The next article, by Vladimir Dobrenko, analyzes the role of the Soviet-dominated World Peace Council (WPC) in spreading false allegations in the early 1950s about the supposed use of biological warfare by U.S. troops in the Korean War. Seizing on spurious information purveyed by the People's Republic of China (PRC) and North Korea, the Soviet Politburo under Joseph Stalin authorized a wide-ranging disinformation campaign, which the WPC amplified and promoted around the world. The purpose, Dobrenko argues, was not only to bring obloquy upon the United States but also to discredit the recently created United Nations (UN), which through its Uniting for Peace resolution in the UN General Assembly in the fall of 1950 had endorsed the decision by a U.S.-led coalition of military forces to come to the defense of South Korea against North Korea's invasion.
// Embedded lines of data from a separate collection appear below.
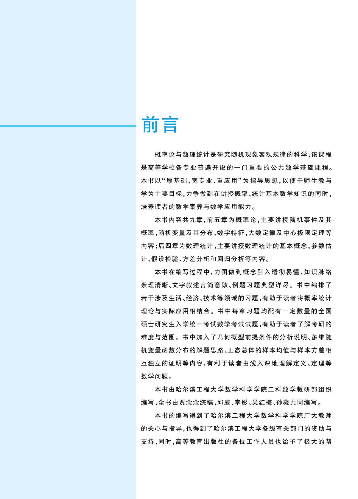 本书是哈尔滨工程大学编写的大学数学系列教材中的概率论与数理统计课程教材,主要内容包括随机事件及其概率、随机变量及其分布、多维随机变量及其分布、随机变量的数字特征、大数定律及中心极限定理、数理统计的基本概念、参数估计、假设检验、方差分析与回归分析等,每章配有习题及参考答案,且习题中加入了具有代表性的全国硕士研究生入学统一考试数学考试试题,有助于读者了解考研试题的难度与范围。 本书可作为高等学校非数学类各专业的教材或研究生入学考试的参考用书,也可供工程技术人员和科技人员学习参考。 |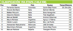La etapa de apertura de la 36ta edición de la Vuelta a San Juan se definió con un extraordinario concierto de uno de los mejores trenes, sino el mejor, del pelotón mundial, el del equipo belga Quick-Steep Floors. La victoria fue de su primer violín, el colombiano, de 23 años, Fernando Gaviria; quien remató con gran autoridad la excelsa tarea de sus compañeros de orquesta, el belga Iljo Keisse y el argentino Maximiliano Richeze, quienes lo dejaron en la distancia ideal para que activara los dos turbos que tiene por piernas y deje con la boca gusto a fósforo al cuarteto italiano compuesto por Niccolo Bonifazio (Bahrain-Merida), Matteo Pelucchi (Bora Hansgroe), Giacomo Nizzolo (Trek Segafredo) y Manuel Belletti (Androni-Sidermec), que se ubicaron del segundo al quinto puesto.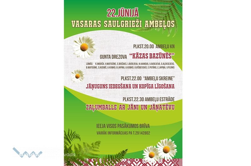 22. jūnijā Ambeļos Jāņuguns iedegšana, zaļumballe un Ambeļu teātra draugu kopas pirmizrāde "Kāzas bazūnēs". Svinēšana jau no plkst. 20.00!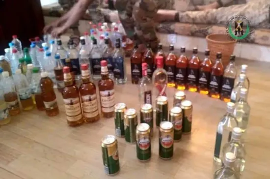 The process of destroying the seized quantity of alcohol, which varied between foreign-made bottles and cans, was under the supervision of a committee of competent authorities.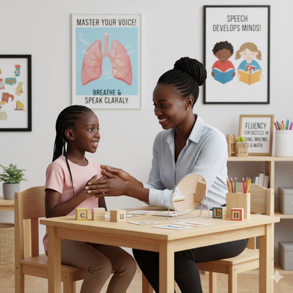 We coach children and adults to be fluent, audible, and get the most out of their voice, including how to control breathing to enhance speech.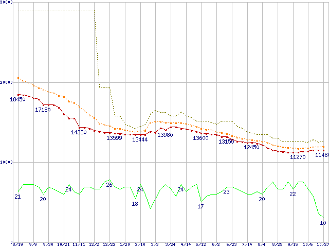 ※このグラフは過去のデータも税率5%相当に調整した税込み相当額のグラフです。 税率変更や、総額表示方式導入(2004年4月)の影響は除いています。 | | | ●凡例 | 最安値 (点線部は販売店未確認 または未調査) | 平均値 | 最高値 | ショップ数 |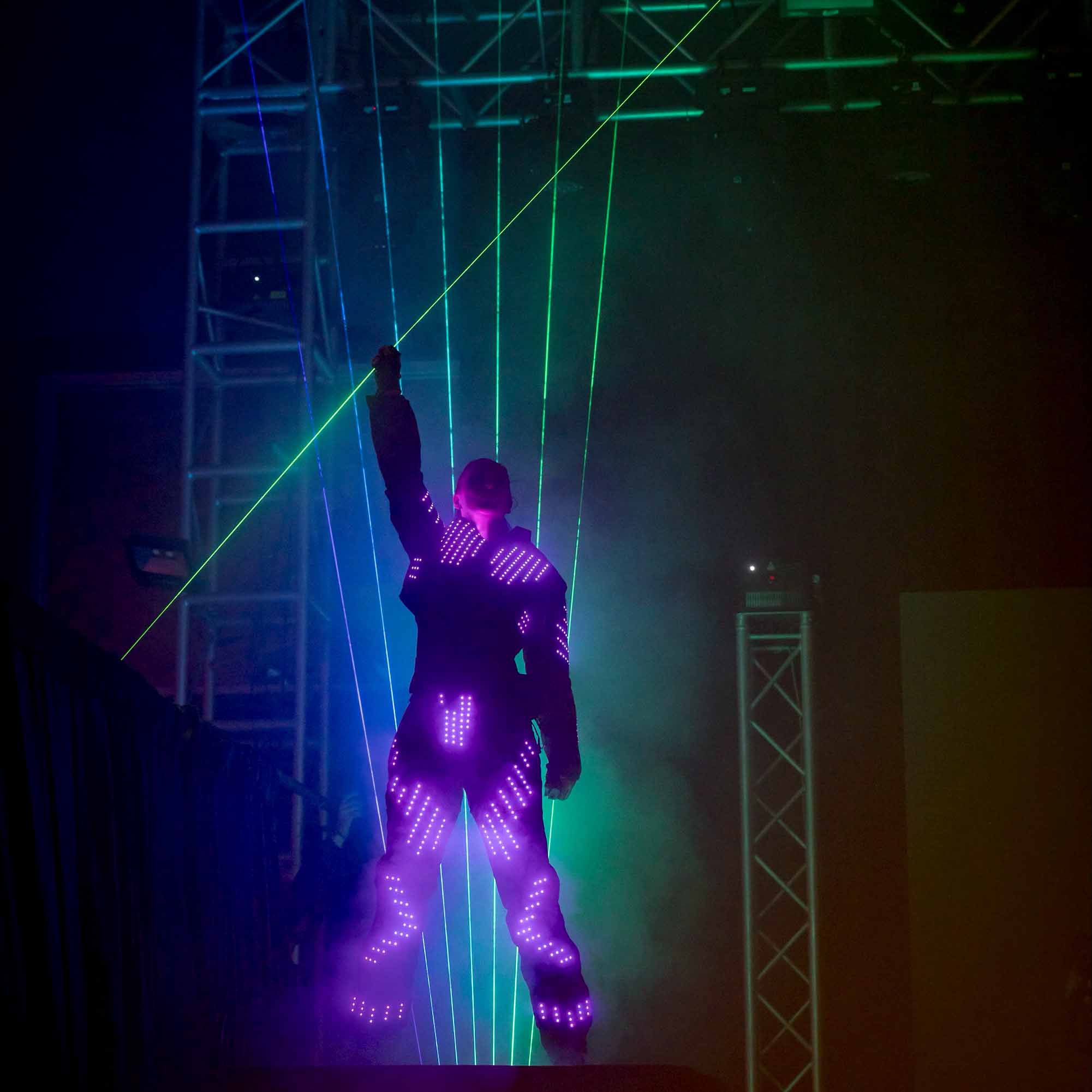 Performed by a female laser artist in a programmable LED suit synchronized with the lasers, this show adds an extra visual dimension, featuring 2 or 4 full-color lasers that create stunning visuals. Artistic, theatrical, and top-quality, our laser act offers premier laser entertainment.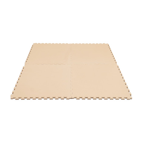 Lot de 4 tapis 90 x 90 cm emboîtables beige et blanc fabriqués en mousse EVA de haute qualité, pour un espace de jeu total possible de 180 x 180 cm.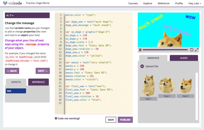 Vidcode 成立于2014年,以编程教育切入K12领域。学生可以根据自己的兴趣爱好去学习电脑编程的不同项目模块,以编程语言来创建视频过滤器,互动游戏,虚拟现实等等。 Vidcode目前提供全学期的编程课程,下设有初级和高阶课程。举个例子,初级课程里,学生可自行上传一张图片、视频、或音频。通过编程一段特效后滤镜后,学生可上传自自己的Snapchat 或 Instagram上。在完成编程学习的同时还可以输出 UGC内容,利于传播。高级课程则会涉及到更多的视频、影视以及VR/AR的编程教学。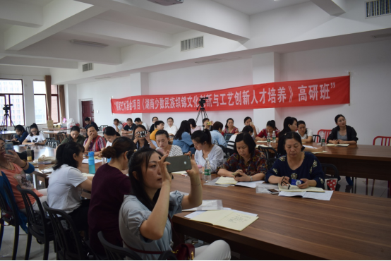 讲座过程中,李享分享了她收集的大量传统图案图片。整场讲座气氛活跃,学员们边听边在笔记本上绘制图案,思索并讨论如何与织锦产品相结合。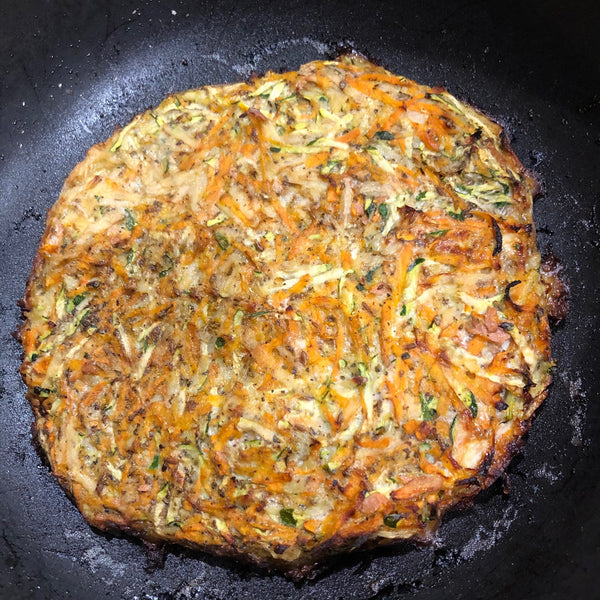 Bring a large frypan to medium heat. Add 2 tbsp olive oil. Spread rosti mixture evenly over frypan. Cook for 5min until lightly brown. Carefully flip rosti over. Now place frypan in oven for 30min or until golden on top.

Soon after Stalin's death, his successors in Moscow repudiated the false allegations about the use of biological warfare, but the odious effects of the WPC's disinformation campaign persisted for decades in many parts of the world, not least because Chinese and North Korean propagandists (unlike their Soviet counterparts) continued to endorse the baseless charges they had concocted.
The next article, by Andrew Kenealy, examines the reaction of the U.S. government, especially the U.S. embassy in Prague, to the events in Czechoslovakia and elsewhere in the Soviet bloc that culminated in the Velvet Revolution of November 1989. Drawing on declassified U.S. and Czechoslovak documents and memoirs, Kenealy takes issue with observers who have claimed that the U.S. embassy in Prague was slow and ham-handed in its response to the events of 1989. He finds that, on the contrary, U.S. Ambassador Shirley Temple Black and other senior U.S. embassy officials were adroit in encouraging far-reaching change in Czechoslovakia at a time when leaders of the KSČ were staunchly resisting any change. The onset of the “Velvet Revolution” in Czechoslovakia in mid-November 1989 enabled the embassy to use its ties with Czechoslovak dissidents and human rights activists to facilitate a remarkably swift and peaceful transformation of the country after mass protests began on 17 November. Although Ambassador Black and her staff were only “supporting actors” in the drama, the steps they took in 1989 were more skillful and effective than has been alleged by critics of U.S. policy.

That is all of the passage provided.